§ Exercise aim
Output the entries below word for word, stopping once the line containing "De ensuite badkamer" is done, and omit each picture.

§ Records provided

---

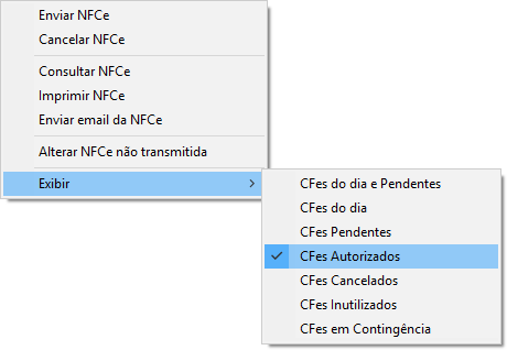 Clique com botão direito na área das notas Exibir > CFes Autorizados.
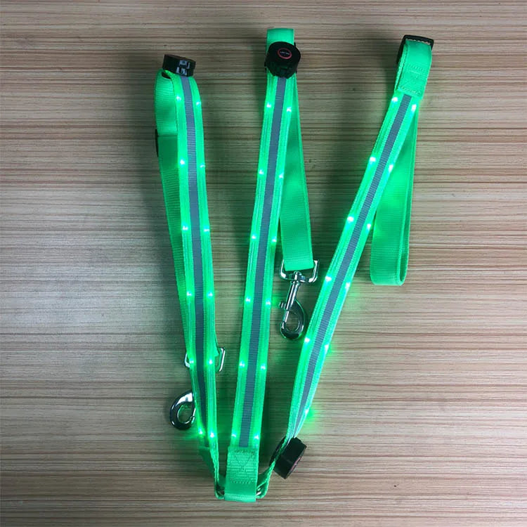 The outer seams on the colored nylon straps (not the black ones) are stitched with reflective thread, making the breast collar reflective and highly visible in the dark even when the LED light is turned off.
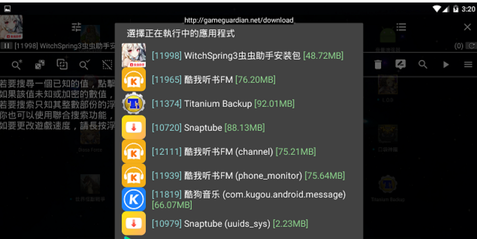 GameGuardian偵測到記憶體上所有執行的App,只要透過直覺式的頁面(記憶體上正在Run的遊戲App),選擇要修改的App就可以進行快速修改。
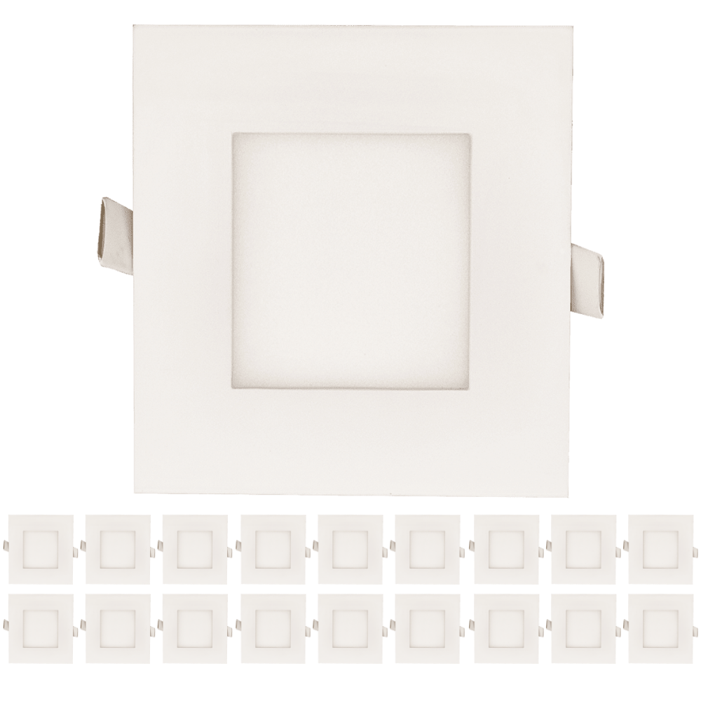 Perlglow 18 Pack 4 inch Slim Ultra-Thin Square Downlight Luminaire, White Finish, LED Recessed Light Fixtures 5CCT.
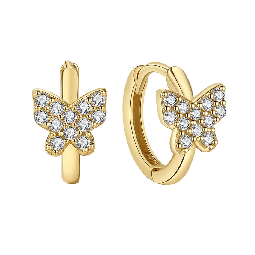 Butterfly creoler i 18 karat forgyldt sølv med zirkonia fra MerlePerle, 10,5 mm
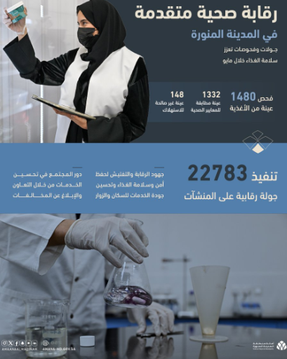 كما أجرت أمانة المدينة المنورة 1480 تحليلاً مخبرياً على أنواع من الأغذية خلال الشهر الماضي، للتأكد من مطابقتها للمعايير اللازمة، ومدى صلاحيتها للاستهلاك، مبينة أن نتائج التحاليل الكيميائية أظهرت مطابقة 1332 عينة، إلى جانب 148 عينة غير صالحة للاستهلاك، مؤكدة استمرار تنفيذ الجولات الرقابية، وإجراء عمليات الفحص، لتعزز الدور الرقابي على الغذاء، والحدّ من التلوث البيئي في المنشآت.
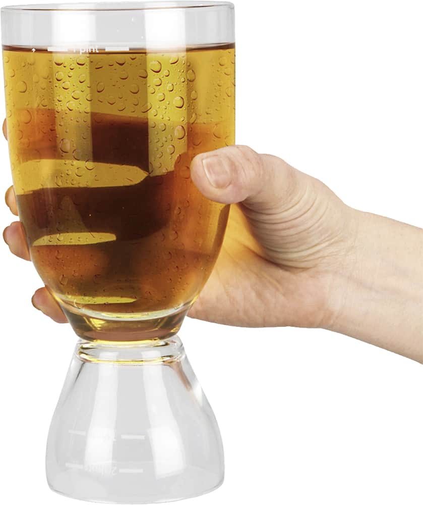 The dual shape provides for use as both a beer mug or shot glass, which makes it great for travel.
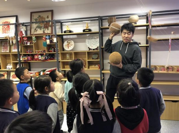 最后,同学们还参观了山东非物质文化遗产展示区,了解了山东各地的很多非物质文化。同学们对来自潍坊的巨型风筝,来自淄博的蹴鞠,已经用小米做成的山东电视台台标产生了极大兴趣。
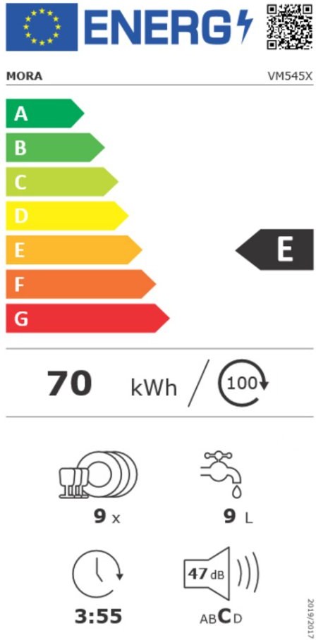 Mora VM 545 X, vstavaná umývačka riadu
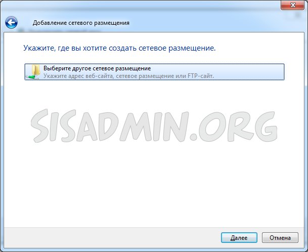- Выбираем единственный пункт «Выберите другое сетевое размещение», опять жмем «далее».
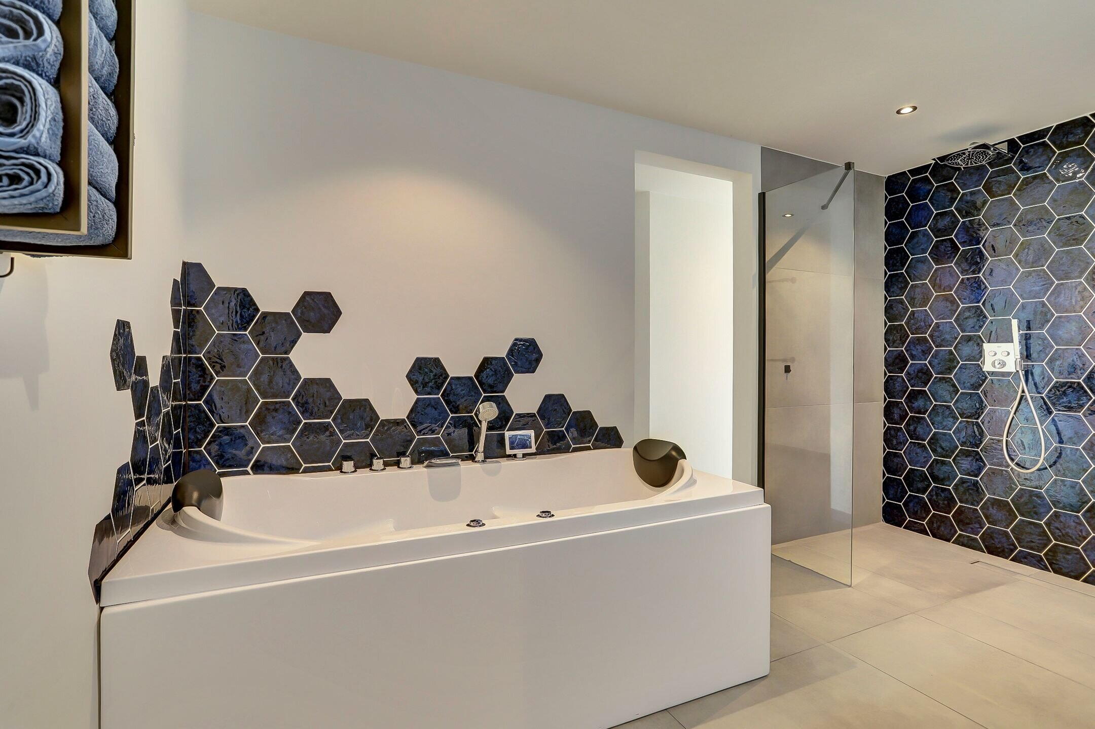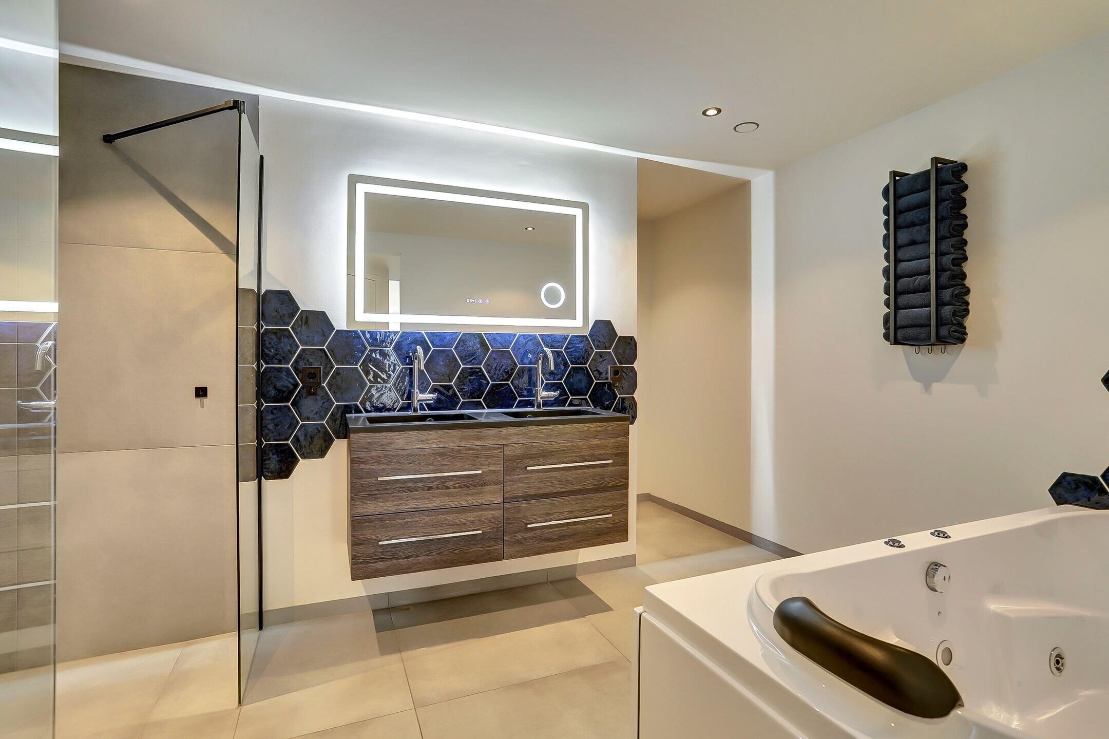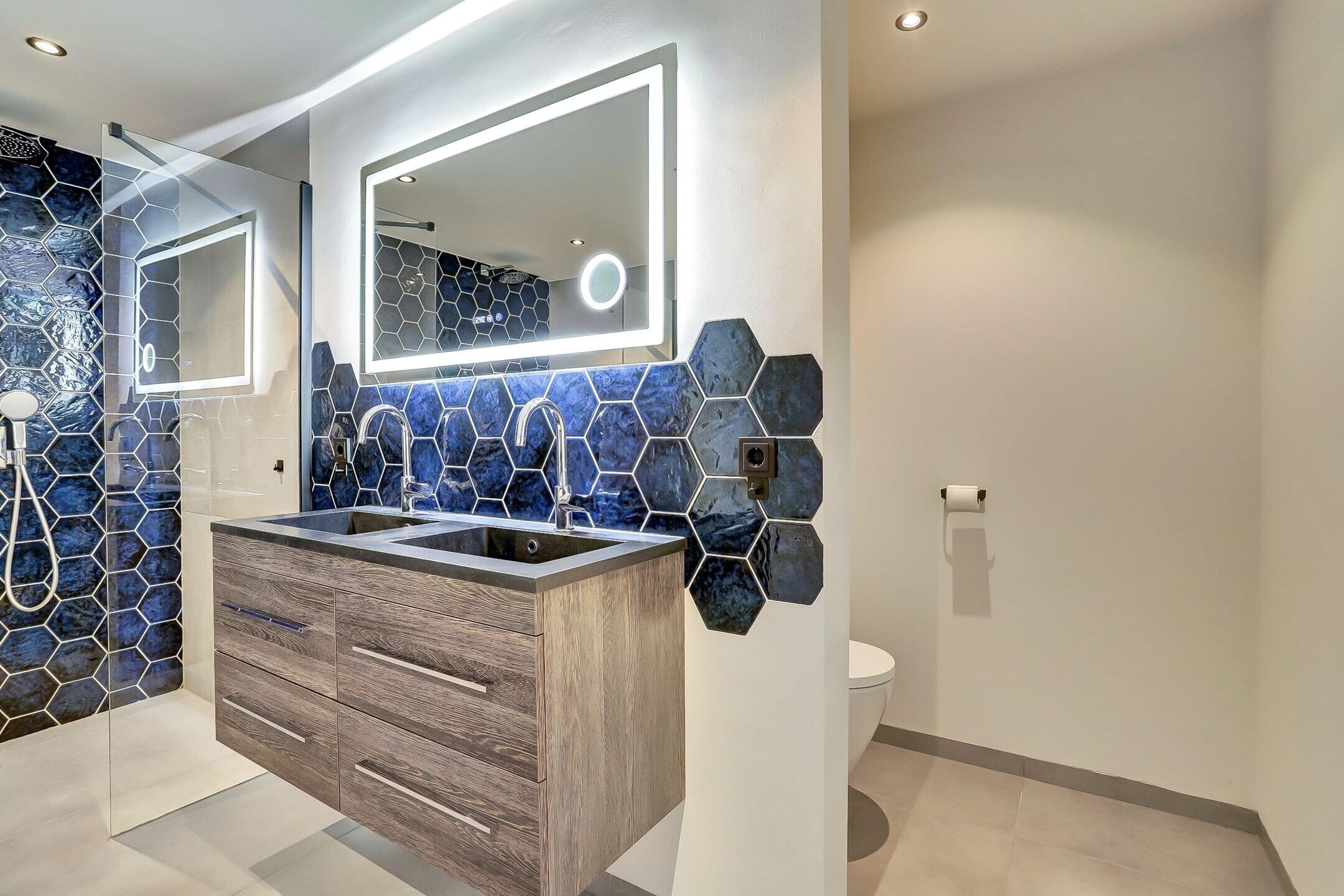 De ensuite badkamer is ruim opgezet en luxe uitgevoerd. Hier kom je volledig tot rust in het bubbelbad of onder één van de twee douches, beide voorzien van een regendouche en handdouche. De dubbele wastafel met vier royale opberglades en een hoogwaardige anticondens spiegel met verwarming, verlichting en geïntegreerde vergrootspiegel maken het geheel compleet. Het toilet is subtiel uit het zicht geplaatst achter een wandje om de hoek. De afwerking van de badkamer is stijlvol en rustgevend met een bijzonder accent: een wand van donkerblauwe hexagontegels in de douche die subtiel terugkomt achter het bad en het geheel een luxe uitstraling geeft.
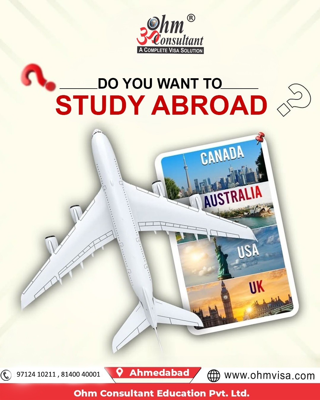 π Turn Your Dream of Studying Abroad into Reality! βοΈ Explore world-class education opportunities in top destinations like Canada, Australia, USA, and the UK with expert guidance at every step. At Ohm Consultant Education Pvt. Ltd., we provide complete support β from university selection and application processing to visa assistance β ensuring a smooth and successful journey abroad. π Based in Ahmedabad π Contact: 97124 10211 | 81400 40001 π Visit: www.ohmvisa.com Start your global education journey today with trusted experts!
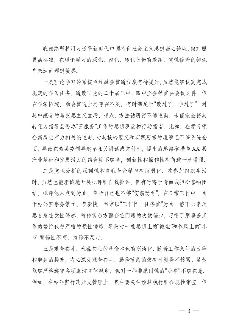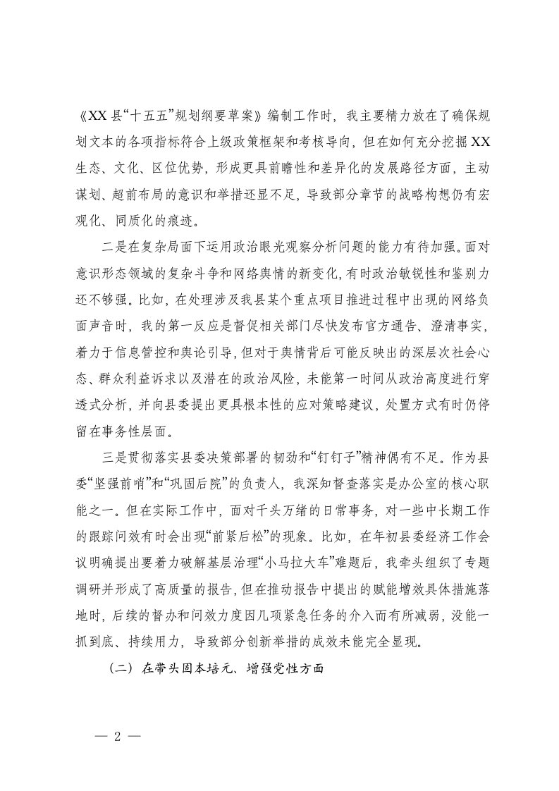 标题:机关办公室主任2025年度民主生活会个人对照检查材料五个带头
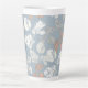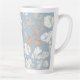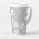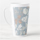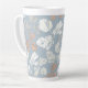 Taza De Café Latte Delicadas ramas con hojas en azul.
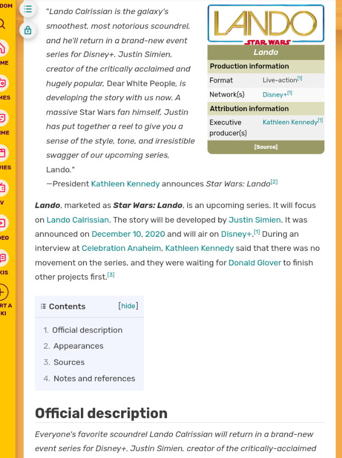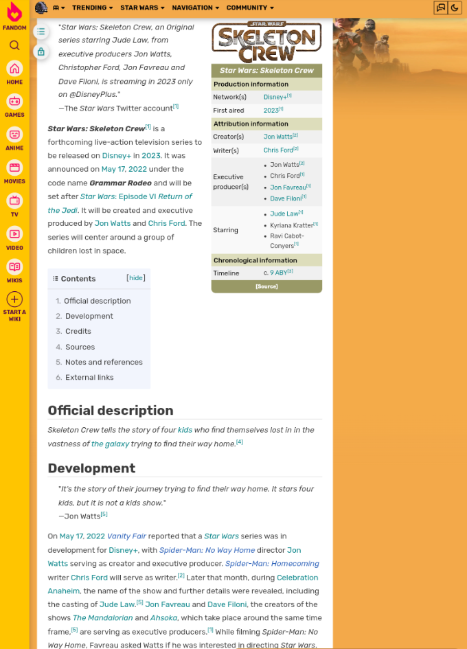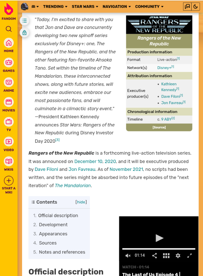 Disney's new streaming media service, Disney+ launched November 12, 2019 with the debut of The Mandalorian (2019) starring Pedro Pascal. It was the first of many "Star Wars" franchise live-action episodic series to be destined for the new subscriber service. DisneyPlus followed-up by adding The Book of Boba Fett (2021), Andor (2022), and Obi-Wan Kenobi (2022) to its line-up. Other live-action series greenlit for the streamer include Ahsoka (2023), The Acolyte (2023), Skeleton Crew (2023), Rangers of the New Republic, and Lando. The two cornerstones of Disney's strategy to drive and maintain subscriber growth for its Disney+ streaming service are based on mining content from the 'Star Wars' and 'Marvel' franchises.
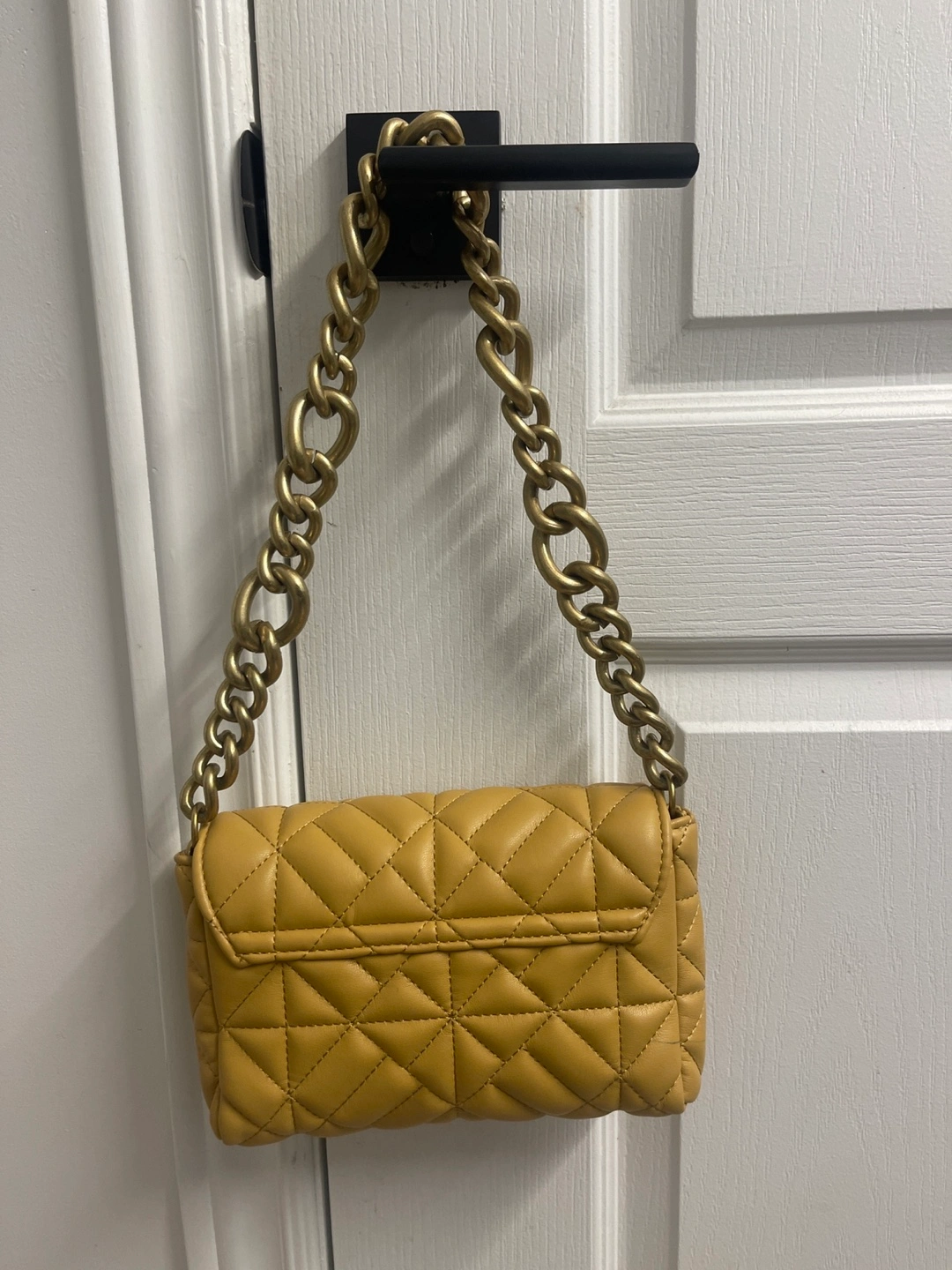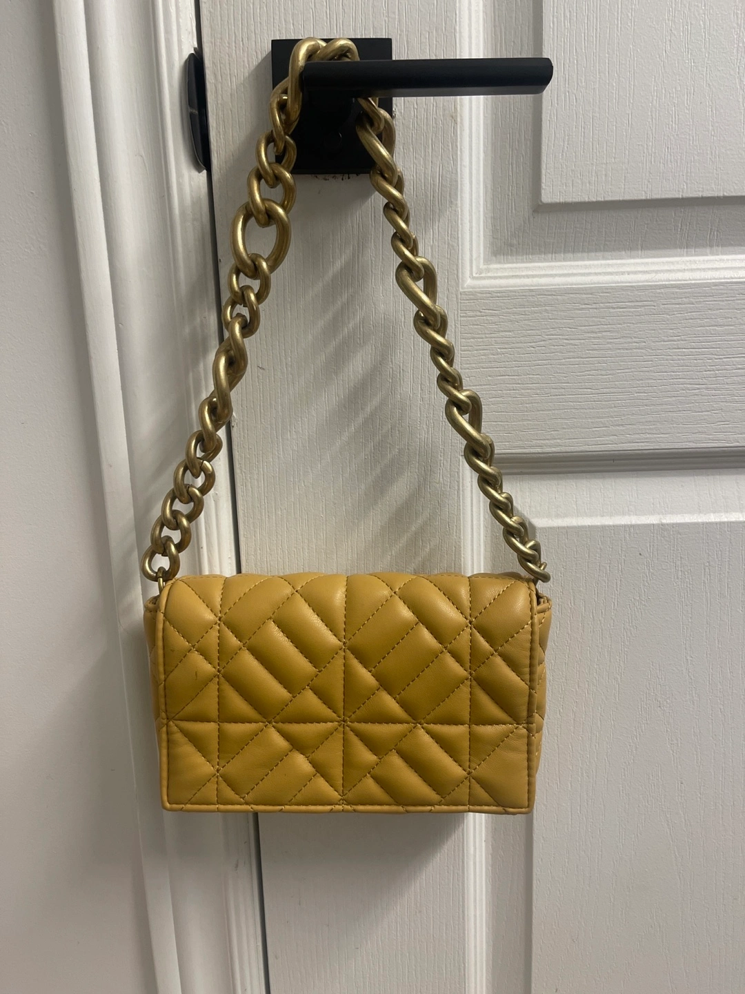 Small quilted shoulder bag. Mustard yellow colour. Features a gold chain strap. Good for everyday use.

---

§ Your response
 Clique com botão direito na área das notas Exibir > CFes Autorizados.
 The outer seams on the colored nylon straps (not the black ones) are stitched with reflective thread, making the breast collar reflective and highly visible in the dark even when the LED light is turned off.
 GameGuardian偵測到記憶體上所有執行的App,只要透過直覺式的頁面(記憶體上正在Run的遊戲App),選擇要修改的App就可以進行快速修改。
 Perlglow 18 Pack 4 inch Slim Ultra-Thin Square Downlight Luminaire, White Finish, LED Recessed Light Fixtures 5CCT.
 Butterfly creoler i 18 karat forgyldt sølv med zirkonia fra MerlePerle, 10,5 mm
 كما أجرت أمانة المدينة المنورة 1480 تحليلاً مخبرياً على أنواع من الأغذية خلال الشهر الماضي، للتأكد من مطابقتها للمعايير اللازمة، ومدى صلاحيتها للاستهلاك، مبينة أن نتائج التحاليل الكيميائية أظهرت مطابقة 1332 عينة، إلى جانب 148 عينة غير صالحة للاستهلاك، مؤكدة استمرار تنفيذ الجولات الرقابية، وإجراء عمليات الفحص، لتعزز الدور الرقابي على الغذاء، والحدّ من التلوث البيئي في المنشآت.
 The dual shape provides for use as both a beer mug or shot glass, which makes it great for travel.
 最后,同学们还参观了山东非物质文化遗产展示区,了解了山东各地的很多非物质文化。同学们对来自潍坊的巨型风筝,来自淄博的蹴鞠,已经用小米做成的山东电视台台标产生了极大兴趣。
 Mora VM 545 X, vstavaná umývačka riadu
- Выбираем единственный пункт «Выберите другое сетевое размещение», опять жмем «далее».
 De ensuite badkamer is ruim opgezet en luxe uitgevoerd. Hier kom je volledig tot rust in het bubbelbad of onder één van de twee douches, beide voorzien van een regendouche en handdouche. De dubbele wastafel met vier royale opberglades en een hoogwaardige anticondens spiegel met verwarming, verlichting en geïntegreerde vergrootspiegel maken het geheel compleet. Het toilet is subtiel uit het zicht geplaatst achter een wandje om de hoek. De afwerking van de badkamer is stijlvol en rustgevend met een bijzonder accent: een wand van donkerblauwe hexagontegels in de douche die subtiel terugkomt achter het bad en het geheel een luxe uitstraling geeft.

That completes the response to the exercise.